* _DESCRIPTION OF THE TASK_
When you copy from the entries that follow, take only the lines from the one with "Chaque prestation sera" down to the one with "السند شاركت في", keeping both ends and dropping every picture.

* _DATA TO USE_

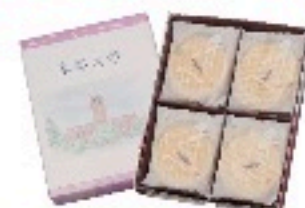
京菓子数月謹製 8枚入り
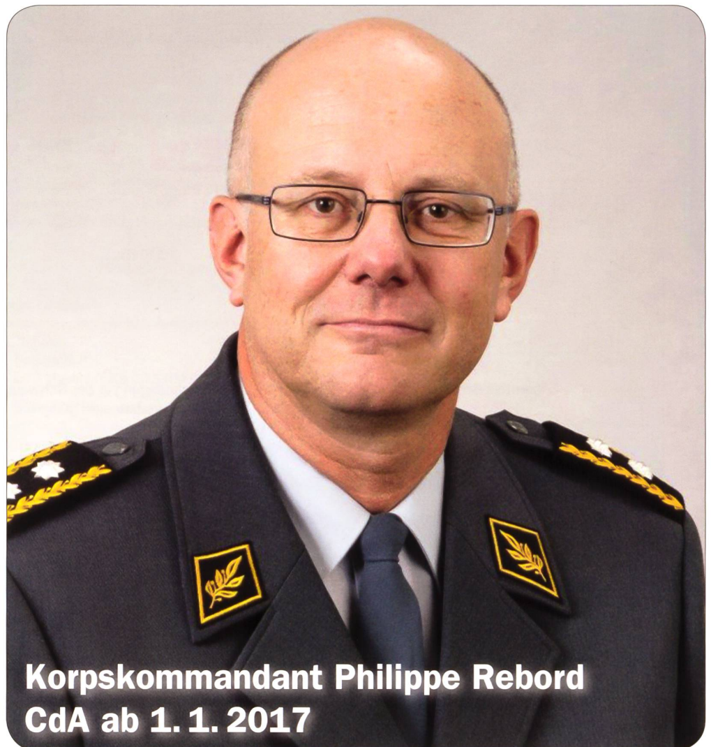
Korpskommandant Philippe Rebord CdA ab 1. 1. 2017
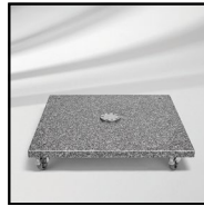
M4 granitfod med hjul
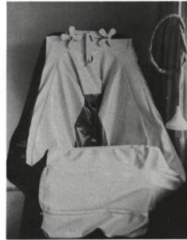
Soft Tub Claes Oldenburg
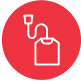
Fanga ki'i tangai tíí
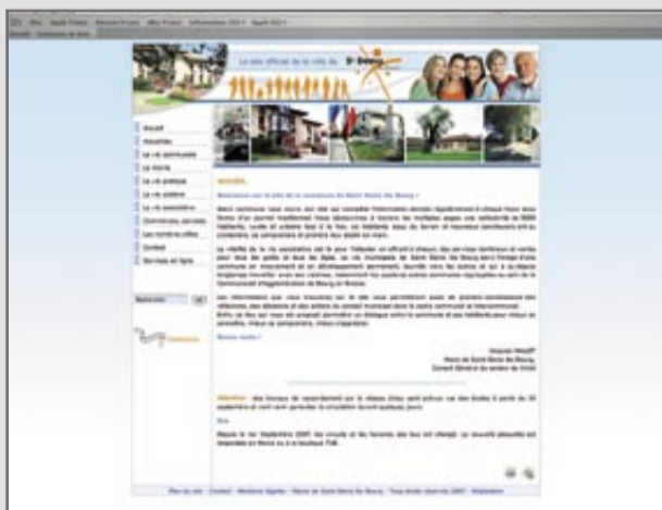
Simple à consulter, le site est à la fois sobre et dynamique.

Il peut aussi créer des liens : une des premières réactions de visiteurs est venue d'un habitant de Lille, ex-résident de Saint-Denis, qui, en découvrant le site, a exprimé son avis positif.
--
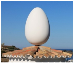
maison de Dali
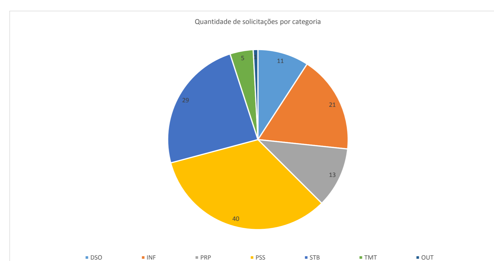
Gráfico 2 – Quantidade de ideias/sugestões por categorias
==
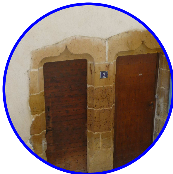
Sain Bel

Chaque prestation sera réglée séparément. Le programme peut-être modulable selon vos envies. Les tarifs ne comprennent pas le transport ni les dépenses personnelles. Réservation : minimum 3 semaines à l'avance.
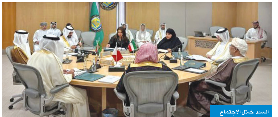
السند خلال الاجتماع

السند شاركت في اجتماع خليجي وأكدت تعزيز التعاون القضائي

* _ANSWER BOX_
Chaque prestation sera réglée séparément. Le programme peut-être modulable selon vos envies. Les tarifs ne comprennent pas le transport ni les dépenses personnelles. Réservation : minimum 3 semaines à l'avance.
السند خلال الاجتماع

السند شاركت في اجتماع خليجي وأكدت تعزيز التعاون القضائي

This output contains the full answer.